Intermediate Representation (IR) for AMaCC Compilation

July 28, 2025 ยท View on GitHub

What is an IR

An Intermediate representation (IR) is the specific data structure or code used internally by a compiler or virtual machine to represent a "program" between source code and target languages. Before generating binary, the compiler front-end will generate IR to aid the compiler backend to produce the intermediate form which is independent of the source file.

Why is an IR used

  • Because translation appears to inherently require analysis and synthesis.
  • Break the difficult problem of translation into two simpler,more manageable pieces.
  • To build retargetable compilers:
    • Build new back ends for an existing front end(make source language more portable and across machine).
    • Can build a new front-end for an existing back end.
    • We only have to write 2n half-compilers instead of n(n-1) full compilers.
    • To perform machine independent optimizations.

So how does the IR actually work?
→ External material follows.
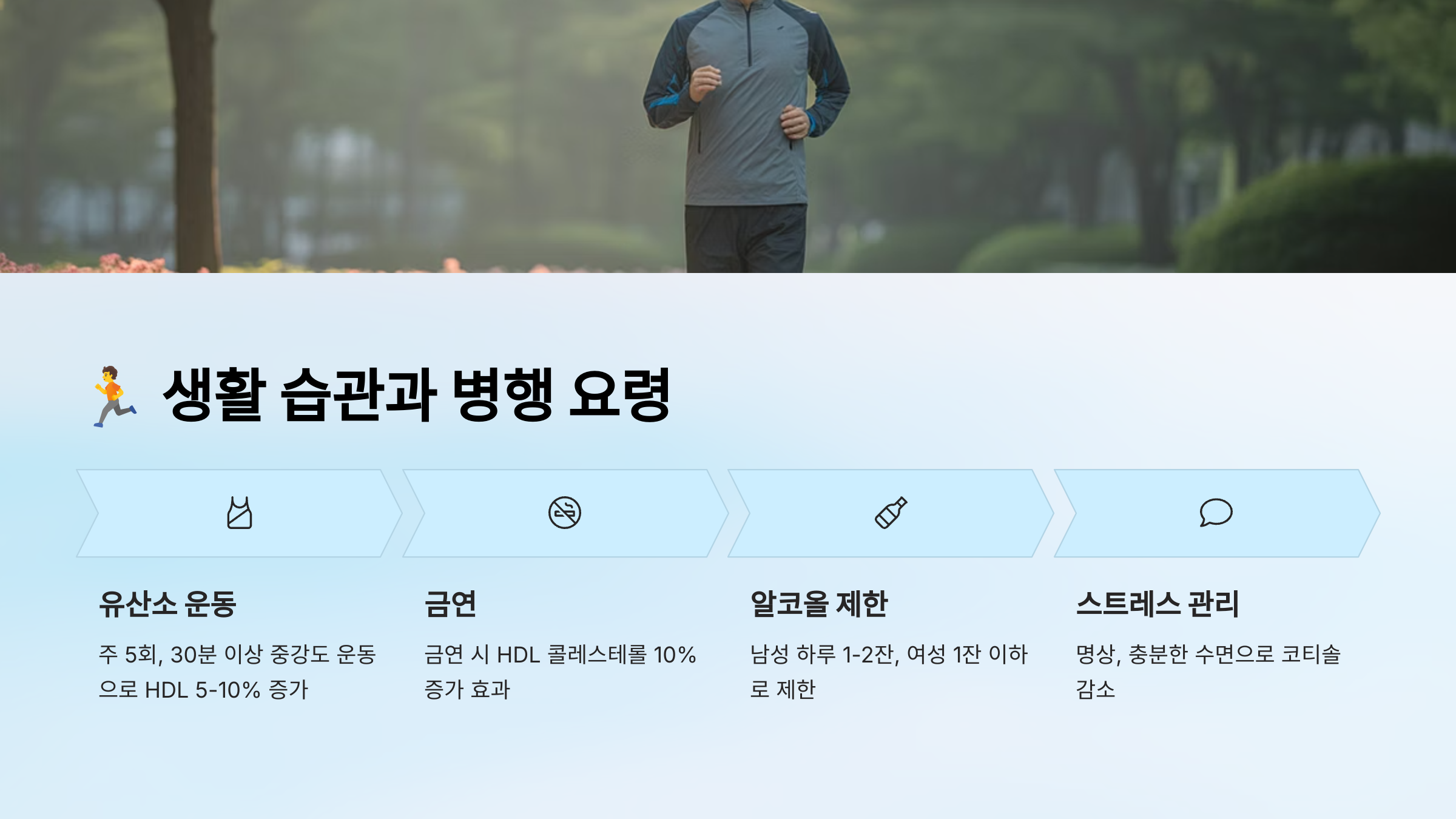 가장 먼저 실천해야 할 건 **규칙적인 운동**이에요. 유산소 운동은 HDL을 높이고 LDL과 중성지방을 줄이는 데 직접적인 효과가 있어요. 걷기, 자전거, 수영, 줄넘기 모두 좋아요.

Let's have an example:

int a;
a = 10 + 1 + 11;

Inside AMaCC, the above C source will be converted into following IR:

IMM  10
PSH 
IMM  1
ADD 
PSH 
IMM  11
ADD 

These instructions will be stored inside the stack. According to the stack LIFO (Last in First Out) order, they will be executed sequentially from top to bottom illustrated as following:

| IMM  10 | pop "IMM 10"
| PSH     |-------------> | PSH   | pop "PSH"
| IMM  1  |               | IMM 1 |----------> | IMM 1 | pop "IMM 1"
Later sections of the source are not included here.